Leaving out every picture, copy the lines of the material below exactly, from the line containing "Add a touch" through the line containing "人民网北京12月9日电 (记".

» **Records provided**:
= = = = = = =
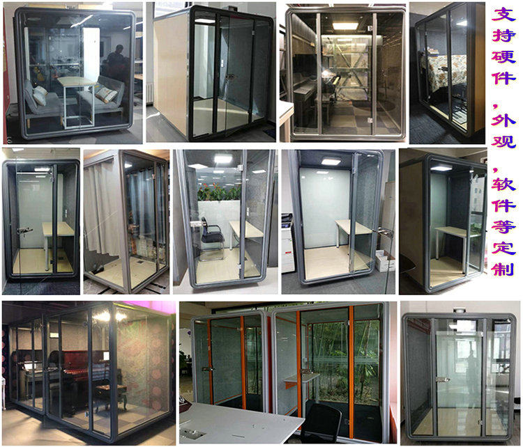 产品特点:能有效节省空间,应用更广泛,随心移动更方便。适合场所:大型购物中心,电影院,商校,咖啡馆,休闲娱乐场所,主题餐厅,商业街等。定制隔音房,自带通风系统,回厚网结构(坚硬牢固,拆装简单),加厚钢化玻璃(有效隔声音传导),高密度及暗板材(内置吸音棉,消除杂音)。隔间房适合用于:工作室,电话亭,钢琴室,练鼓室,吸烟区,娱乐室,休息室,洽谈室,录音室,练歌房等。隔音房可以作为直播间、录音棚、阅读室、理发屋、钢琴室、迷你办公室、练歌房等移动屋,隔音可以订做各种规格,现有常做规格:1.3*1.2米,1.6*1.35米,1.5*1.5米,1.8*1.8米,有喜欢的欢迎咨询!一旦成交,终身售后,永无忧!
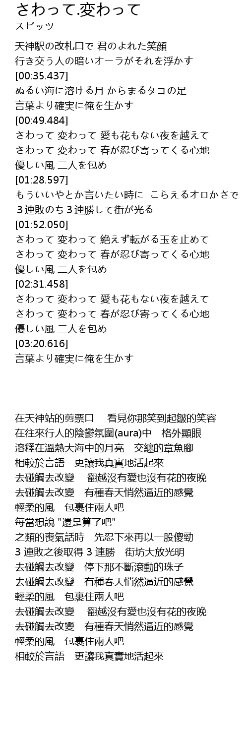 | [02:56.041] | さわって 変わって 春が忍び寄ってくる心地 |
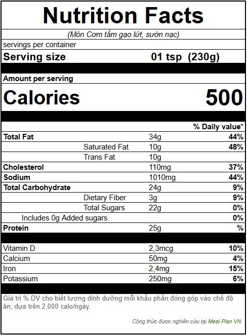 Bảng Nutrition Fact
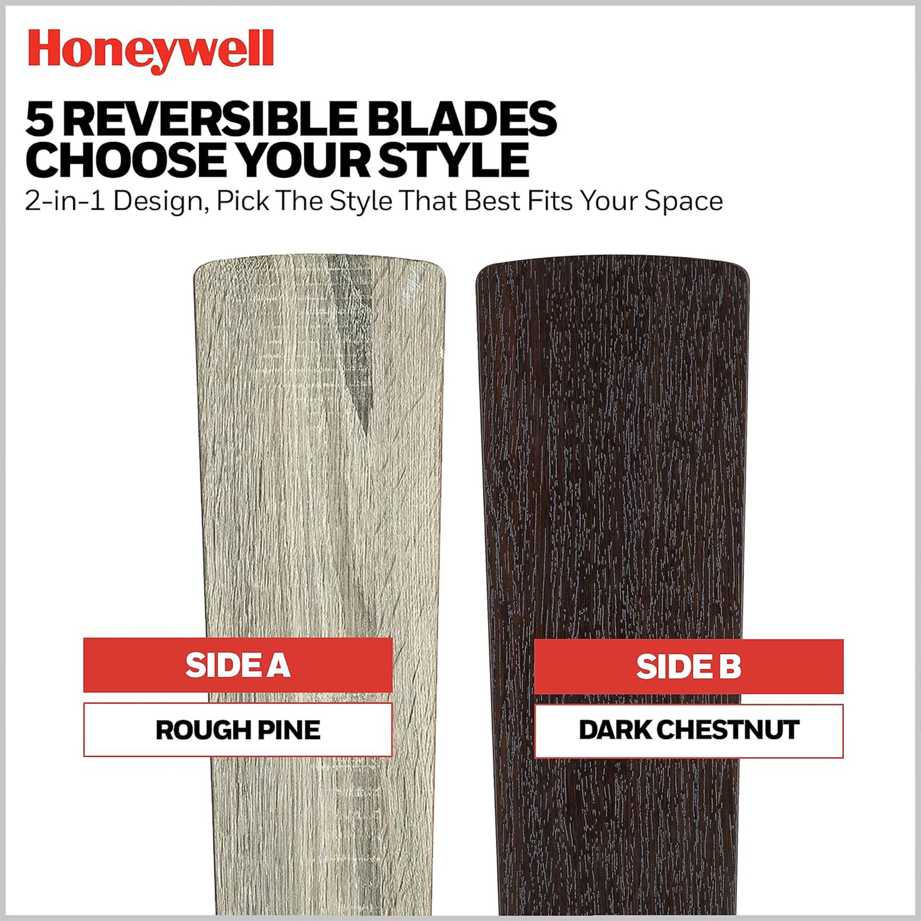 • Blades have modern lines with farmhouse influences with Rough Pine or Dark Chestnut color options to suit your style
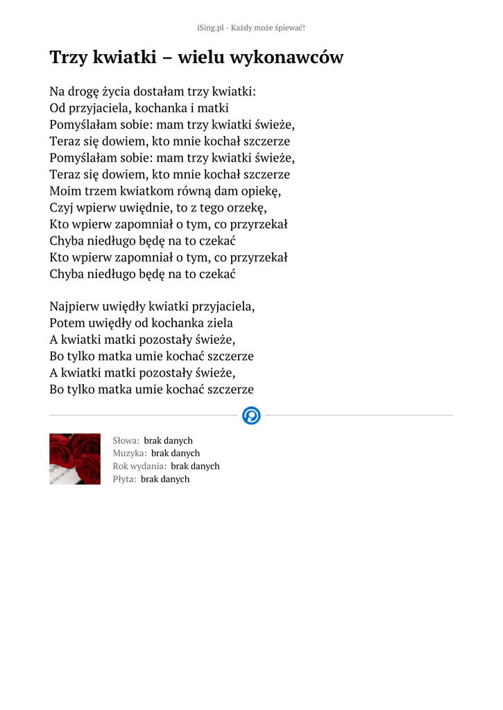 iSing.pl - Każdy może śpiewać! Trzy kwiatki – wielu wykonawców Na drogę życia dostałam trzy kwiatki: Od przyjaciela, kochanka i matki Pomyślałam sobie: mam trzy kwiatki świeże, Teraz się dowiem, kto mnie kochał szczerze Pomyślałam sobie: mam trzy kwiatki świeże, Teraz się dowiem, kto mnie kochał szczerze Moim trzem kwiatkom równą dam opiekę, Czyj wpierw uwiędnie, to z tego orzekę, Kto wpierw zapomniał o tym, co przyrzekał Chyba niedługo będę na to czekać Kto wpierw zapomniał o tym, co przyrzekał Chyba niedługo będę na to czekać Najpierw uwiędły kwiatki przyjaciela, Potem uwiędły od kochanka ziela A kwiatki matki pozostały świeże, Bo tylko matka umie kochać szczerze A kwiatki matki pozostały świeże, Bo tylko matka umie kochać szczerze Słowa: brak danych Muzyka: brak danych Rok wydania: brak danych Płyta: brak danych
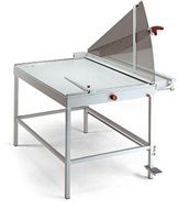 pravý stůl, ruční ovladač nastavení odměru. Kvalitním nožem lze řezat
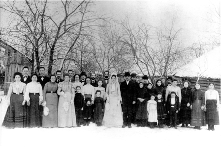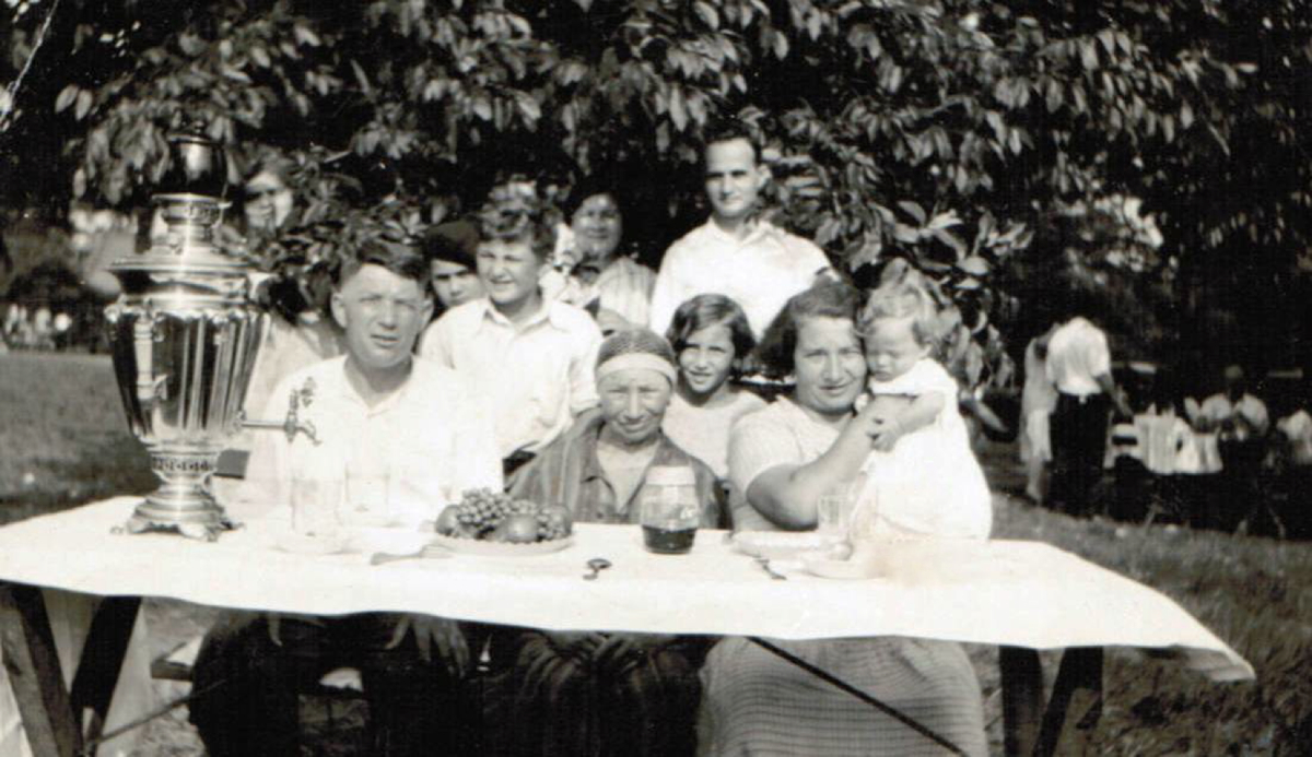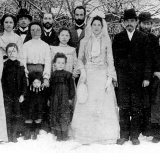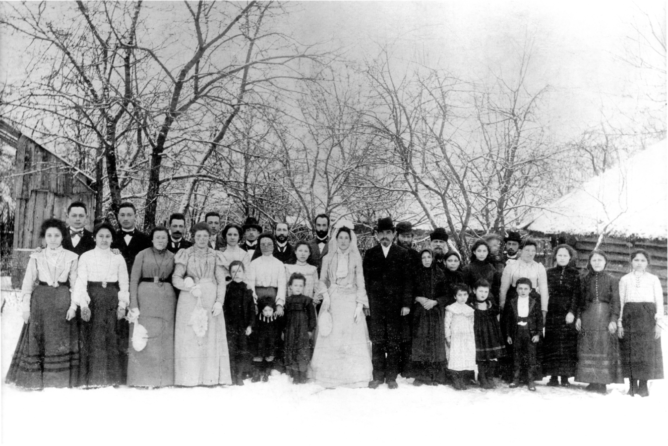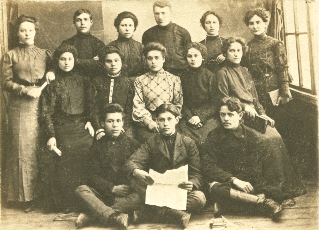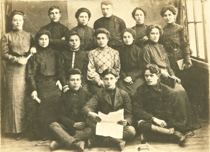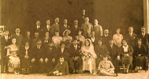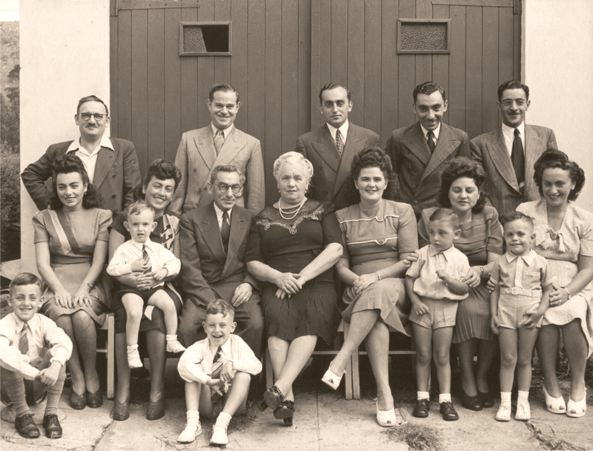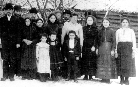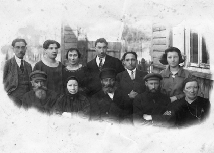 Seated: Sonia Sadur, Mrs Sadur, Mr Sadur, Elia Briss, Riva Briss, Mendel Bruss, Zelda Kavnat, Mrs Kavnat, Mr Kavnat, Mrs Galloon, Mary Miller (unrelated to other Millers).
= = = = = = =
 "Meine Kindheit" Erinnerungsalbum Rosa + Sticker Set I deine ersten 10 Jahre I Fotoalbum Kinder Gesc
= = = = = = =
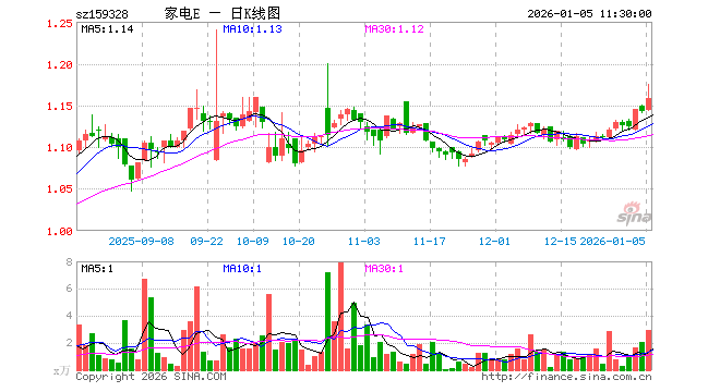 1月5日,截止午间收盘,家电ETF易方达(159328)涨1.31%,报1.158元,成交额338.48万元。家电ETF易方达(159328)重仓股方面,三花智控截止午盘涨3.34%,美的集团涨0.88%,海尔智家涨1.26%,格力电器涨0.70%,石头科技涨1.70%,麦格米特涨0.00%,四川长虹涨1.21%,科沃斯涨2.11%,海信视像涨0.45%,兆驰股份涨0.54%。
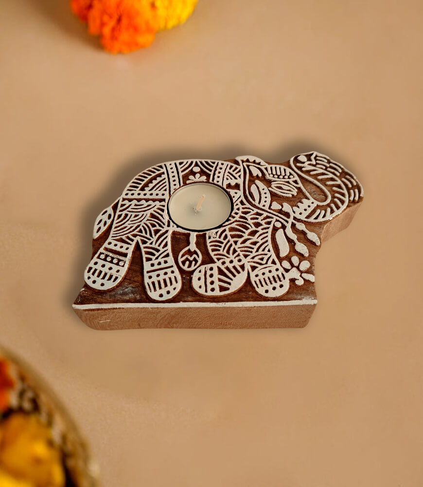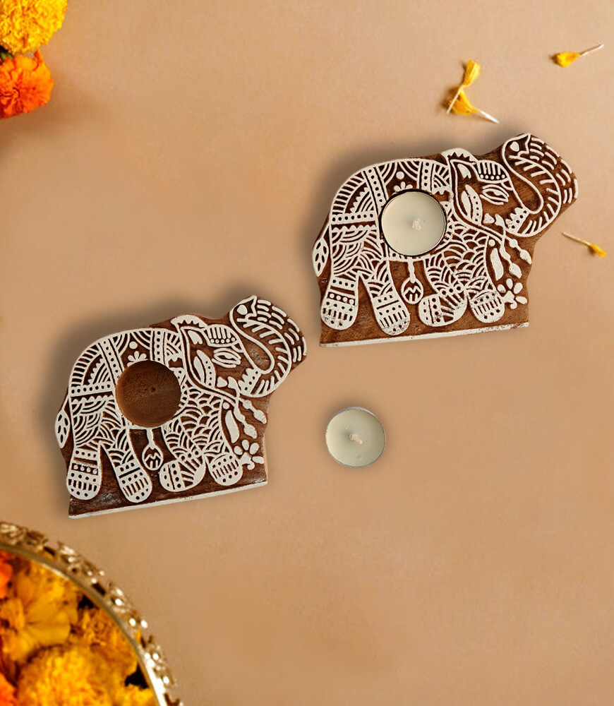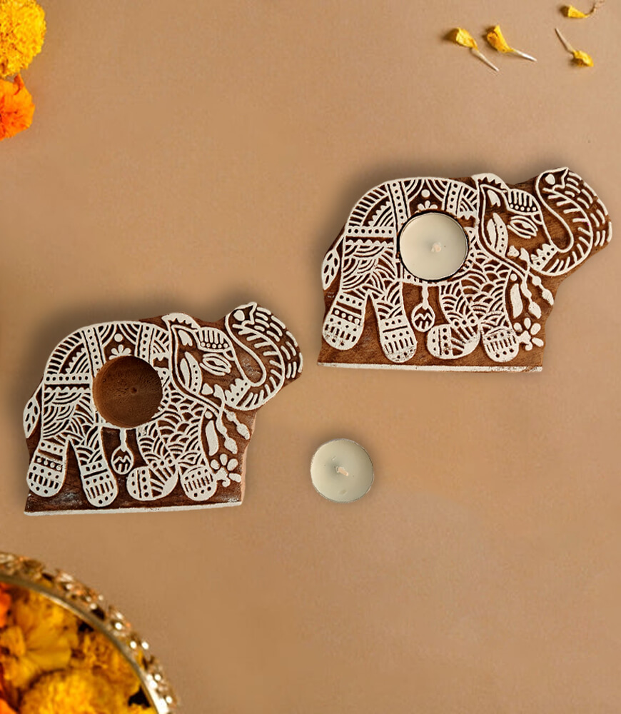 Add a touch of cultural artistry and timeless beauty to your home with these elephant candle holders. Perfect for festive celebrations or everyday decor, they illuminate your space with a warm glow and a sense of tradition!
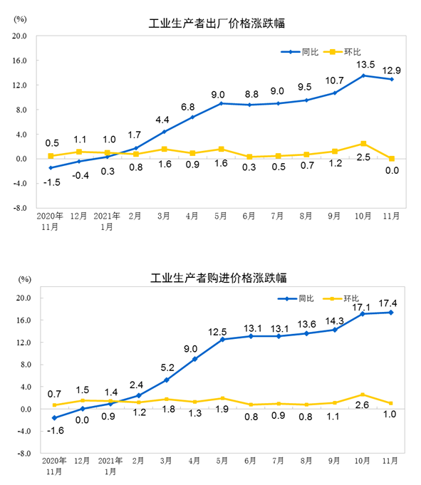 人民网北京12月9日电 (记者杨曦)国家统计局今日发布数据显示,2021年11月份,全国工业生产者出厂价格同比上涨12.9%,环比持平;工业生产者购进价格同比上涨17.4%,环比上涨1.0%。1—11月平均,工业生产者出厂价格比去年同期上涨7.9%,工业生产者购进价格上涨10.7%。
= = = = = = =
» **Answer section**:
 Add a touch of cultural artistry and timeless beauty to your home with these elephant candle holders. Perfect for festive celebrations or everyday decor, they illuminate your space with a warm glow and a sense of tradition!
 人民网北京12月9日电 (记者杨曦)国家统计局今日发布数据显示,2021年11月份,全国工业生产者出厂价格同比上涨12.9%,环比持平;工业生产者购进价格同比上涨17.4%,环比上涨1.0%。1—11月平均,工业生产者出厂价格比去年同期上涨7.9%,工业生产者购进价格上涨10.7%。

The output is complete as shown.